━━━ Records for this exercise

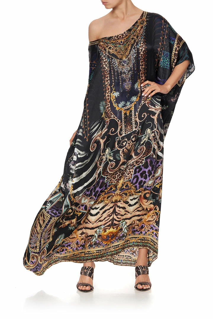 Glimmers of purple and zebra accents entwined within a disco scene scape, the She’s Got Grace Round Neck Kaftan emulates feminine energy of hypnotic women who did exactly what they wanted to, whenever they wanted. The dark tones within this silk are accompanied by accents of purple and zebra, this floor length kaftan has a free flowing silhouette and a round neckline that allows for countless ways of styling. Wear it free flowing, tied short for a mini dress look or tuck up the front for a high low hem style. To discover more ways to style, visit the CAMILLA style guide.
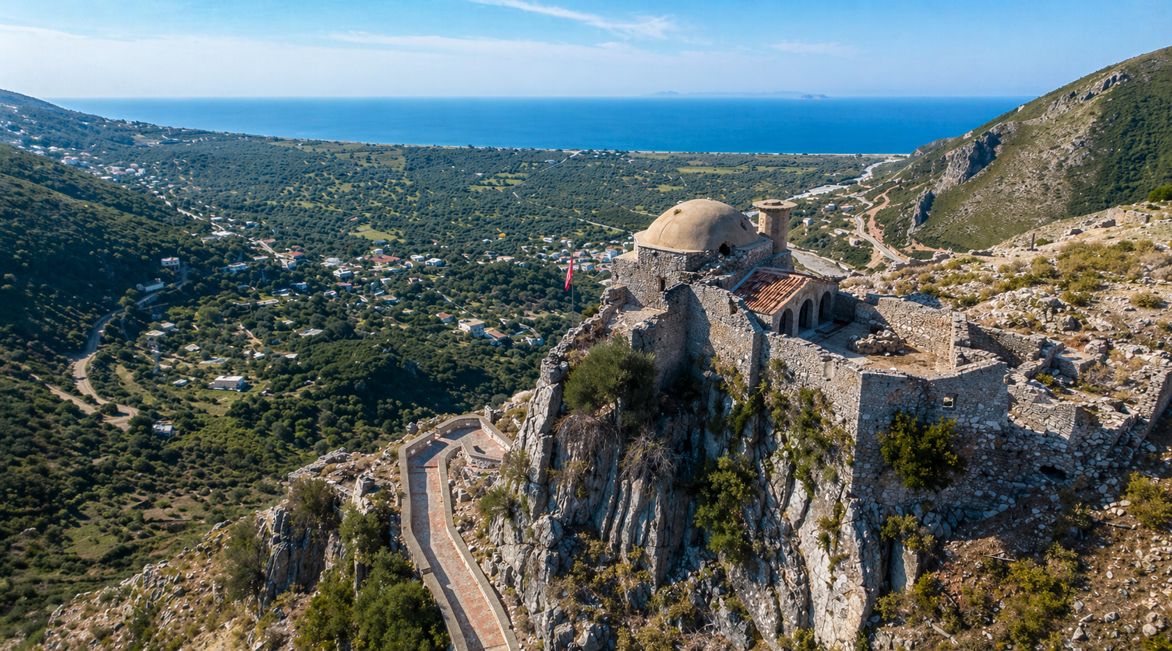 The origins of the castle date back to ancient times, with later reconstructions during the Byzantine and Ottoman periods. Due to its strategic hilltop location, it played a key role in controlling the surrounding territory and coastline.
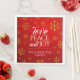 Add a touch of Christmas to the dining experience with this festive napkin, which features the words "love, peace, and joy" in serif and script lettering surrounded by twinkling orange snowflakes on a warm red gradient background. Personalize with the family name and/or text of your choice.
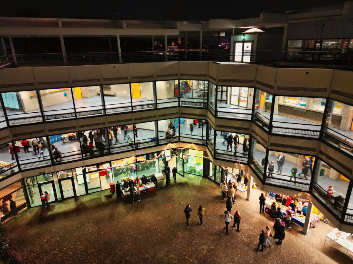 Der alljährlichen AEG-Weihnachtsmarkt verwandelte das Schulhaus und den Innenhof in ein stimmungsvolles Winterwunderland. Schon beim Eintreffen wurden die Besucherinnen und Besucher von liebevoll gestalteten Schneeflocken-Dekorationen empfangen, die dem Gebäude ein festliches, beinahe märchenhaftes Flair verliehen.
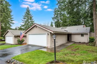 Light and bright one-story condominium in coveted Fircrest. Towards the end of a quiet cul-de-sac, with no neighbor to the back, this comfortable condo lives like a single-family residence. Vaulted ceilings in the dining room seamlessly flow to a cozy living room which in turn transitions to a sweet sunroom. A generous primary with en suite and large closet also connects to the sunroom. An additional large bedroom and optional 3rd bedroom/office allows for plenty of space. Eat-in kitchen with tons of cabinets and storage includes updated gas cook top. Systems have been meticulously maintained, and the home has been well cared for. Monthly dues take care of EVERYTHING outside of the walls including large ticket items such as the roof, chimney, gutters, sidewalks, landscaping and roads. A fantastic opportunity in a fantastic community!
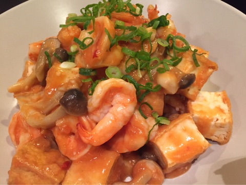 厚揚げでカサマシしたエビチリ風の炒めものとでも申しましょうか・・・(///∇//)
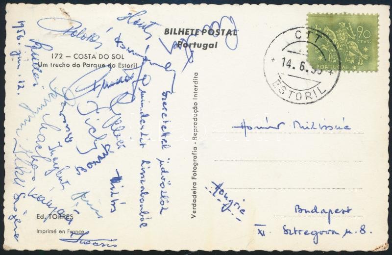 1956 Az Aranycsapat tagjainak (Kocsis, Buzánszky, stb.) aláírásai Portugáliából küldött levelezőlapon

━━━━━━

**Problem statement**: Nothing but the lines from the one holding "The origins of" to the end of the entries above should be echoed, exactly and with both ends included; omit the pictures.

**Result for this task**:
 The origins of the castle date back to ancient times, with later reconstructions during the Byzantine and Ottoman periods. Due to its strategic hilltop location, it played a key role in controlling the surrounding territory and coastline.
 Add a touch of Christmas to the dining experience with this festive napkin, which features the words "love, peace, and joy" in serif and script lettering surrounded by twinkling orange snowflakes on a warm red gradient background. Personalize with the family name and/or text of your choice.
 Der alljährlichen AEG-Weihnachtsmarkt verwandelte das Schulhaus und den Innenhof in ein stimmungsvolles Winterwunderland. Schon beim Eintreffen wurden die Besucherinnen und Besucher von liebevoll gestalteten Schneeflocken-Dekorationen empfangen, die dem Gebäude ein festliches, beinahe märchenhaftes Flair verliehen.
 Light and bright one-story condominium in coveted Fircrest. Towards the end of a quiet cul-de-sac, with no neighbor to the back, this comfortable condo lives like a single-family residence. Vaulted ceilings in the dining room seamlessly flow to a cozy living room which in turn transitions to a sweet sunroom. A generous primary with en suite and large closet also connects to the sunroom. An additional large bedroom and optional 3rd bedroom/office allows for plenty of space. Eat-in kitchen with tons of cabinets and storage includes updated gas cook top. Systems have been meticulously maintained, and the home has been well cared for. Monthly dues take care of EVERYTHING outside of the walls including large ticket items such as the roof, chimney, gutters, sidewalks, landscaping and roads. A fantastic opportunity in a fantastic community!
 厚揚げでカサマシしたエビチリ風の炒めものとでも申しましょうか・・・(///∇//)
 1956 Az Aranycsapat tagjainak (Kocsis, Buzánszky, stb.) aláírásai Portugáliából küldött levelezőlapon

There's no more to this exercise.